In his first public statements since Keller's death on July 12, 2009, Mitchell offered his own version of events.
Mitchell said he drove to the Diablo Court apartment where Keller and their baby lived, parked the car up the street and heard Keller scream for help. Hastening into the yard, he was attacked by two men who were running from the scene, he said.
Mitchell said he fought the two men, one of whom was carrying his 1-year-old daughter, and was struck in the back with a bat. Mitchell — a former Marine who said he was dismissed from the corps
for disciplinary reasons — said one of the attackers fled and the other ran off with the baby.

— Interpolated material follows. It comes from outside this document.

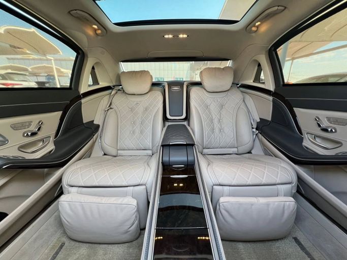 Maybach S560 Model : 2018 37,000km only Beige Interior Rear Entertainment TV Rear Vip Seat Fridge Table Heated and Cooling Cupholders Full Option Japan Import Clean Title Excellent Condition Location : Saeed Auto, Showroom # 76, Ras Al Khor, Ducamz.

The 220-pound defendant then outran the child abductor, neutralized him with a punch to the face and a kick to the shin, and rescued the child, according to his account.
He described one assailant as a man in a white shirt with "very sky blue eyes," a buzz haircut, bad breath and "a little girth."
The other assailant was a leaner, taller man with a black shirt, a buzz cut and "hairy arms," Mitchell said.
Then Mitchell drove off with the baby. Hanlon, on direct examination, asked why he didn't call police to report the incident.
Mitchell said he heard a neighbor calling for 911 before he left with the child, and he knew he was violating a court order by coming to Keller's apartment for their daughter's first birthday.
"I said, 'I'm not going to be here when the cops showed up,'" said Mitchell, who has admitted referring to police as Nazis and "fascist pigs."
Mitchell drove up Highway 101 and eventually headed east on Interstate 80. He continued to Auburn, where he met with longtime Mitchell family lawyer Terence Hallinan, the former district attorney of San Francisco.
After seeing Hallinan, Mitchell said, he headed back west with plans to give the baby to family and turn himself in with Hallinan. He was arrested in Citrus Heights with an empty gas tank, a few dollars in cash and a frozen credit card.
Cacciatore, on cross examination, asked Mitchell whether he ever saw Keller at the crime scene. Mitchell said no. Cacciatore then asked how Keller's blood got splattered on Mitchell's pants.
"I don't ... I can't answer that," Mitchell said.
"How'd your fingerprint get on the bat?" Cacciatore asked later.
Mitchell said it must have happened during the struggle with the assailant.
Mitchell — whose father, the late strip-club and porn magnate Jim Mitchell, was convicted of killing his brother Artie in 1991 — is charged with murder, domestic violence, kidnapping, child abduction, child endangerment, stalking and a special allegation of murder during the commission of a kidnapping.
Authorities alleged that Mitchell drove from his home in Pittsburg to Keller's apartment in Novato, repeatedly clubbed Keller in the head with a softball bat, and ran off with the infant under his arm. The trial began June 21 before Judge Kelly Simmons.
Mitchell's appearance Tuesday followed testimony by a blood expert, a Novato police officer, one of Keller's neighbors, and a college softball coach, who testified for the defense about bats.
The defense also called Keller's mother, Claudia Stevens, who lived with the 29-year-old victim and the baby. Hanlon — possibly keeping his options open for a heat-of-passion manslaughter defense — asked whether the bat that killed Keller was in the residence at the time of the homicide.
Stevens said it was not.
The defense is expected to rest Wednesday.